EXERCISE AIM: Copy the listing in full and exactly, omitting its images.

** AVAILABLE DATA follows **

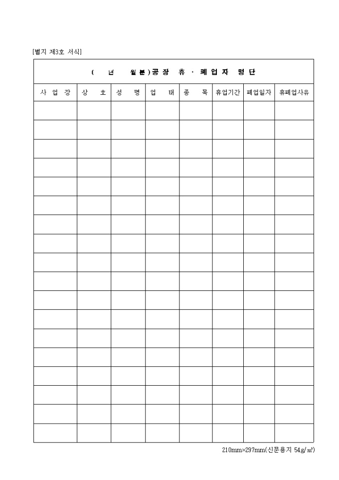 제3호 공장휴 폐업자명단 양식입니다. 사업장, 상호, 성명, 업태, 종목, 휴업기간, 폐업일자, 휴폐업 사유 등을 기재합니다.
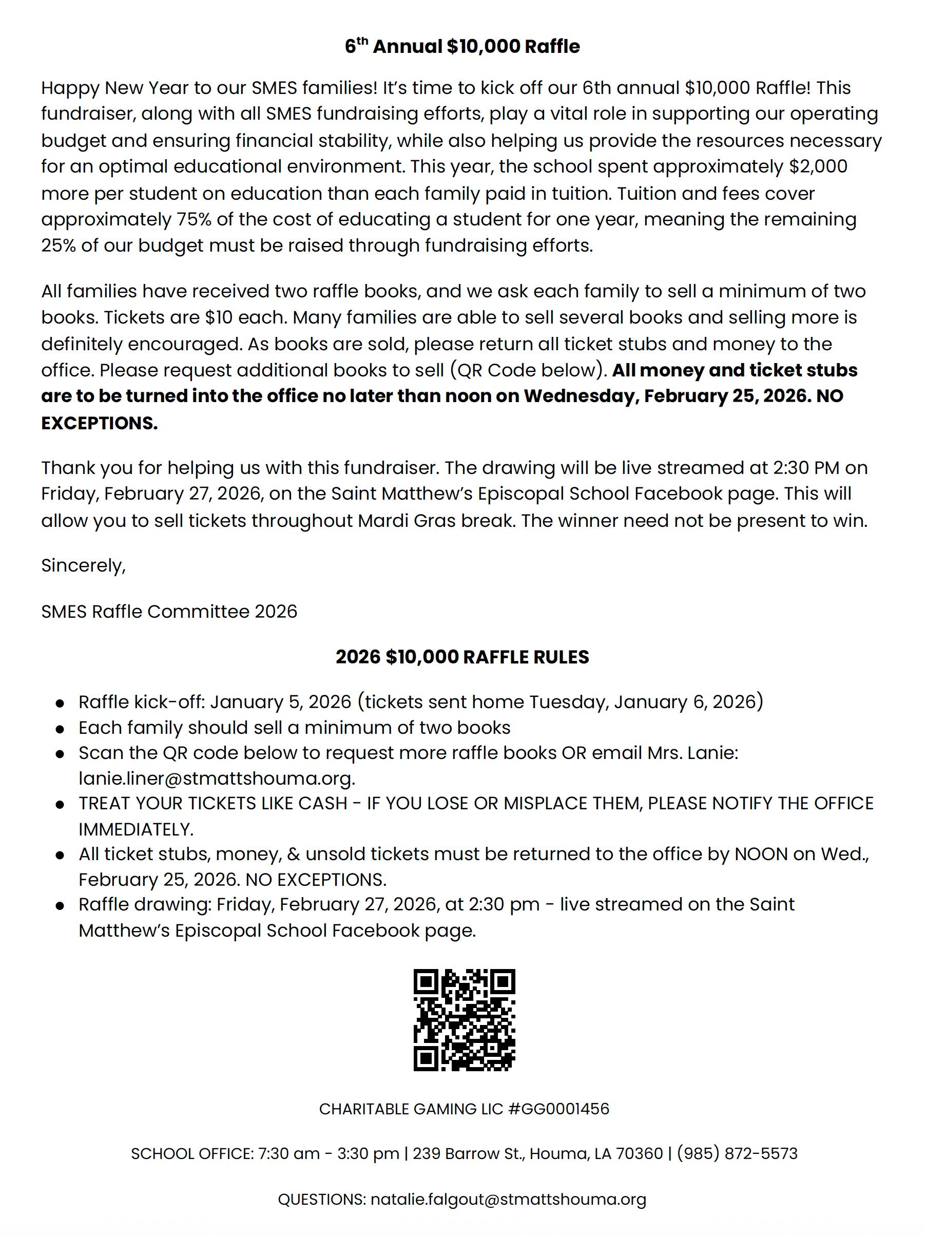 $10,000 Raffle to Benefit SMES! Each year, Saint Matthew's Episcopal School hosts a $10,000 Raffle!Tickets will be available through school families or the front office.
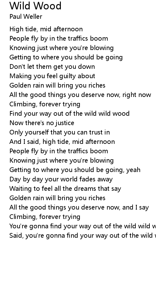 Said, you're gonna find your way out of the wild wild wood |
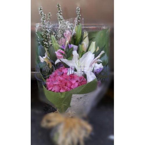 當季繡球花和精選百合,當季襯葉及時令伴花

** End of AVAILABLE DATA **

TASK SOLUTION:
 제3호 공장휴 폐업자명단 양식입니다. 사업장, 상호, 성명, 업태, 종목, 휴업기간, 폐업일자, 휴폐업 사유 등을 기재합니다.
 $10,000 Raffle to Benefit SMES! Each year, Saint Matthew's Episcopal School hosts a $10,000 Raffle!Tickets will be available through school families or the front office.
 Said, you're gonna find your way out of the wild wild wood |
 當季繡球花和精選百合,當季襯葉及時令伴花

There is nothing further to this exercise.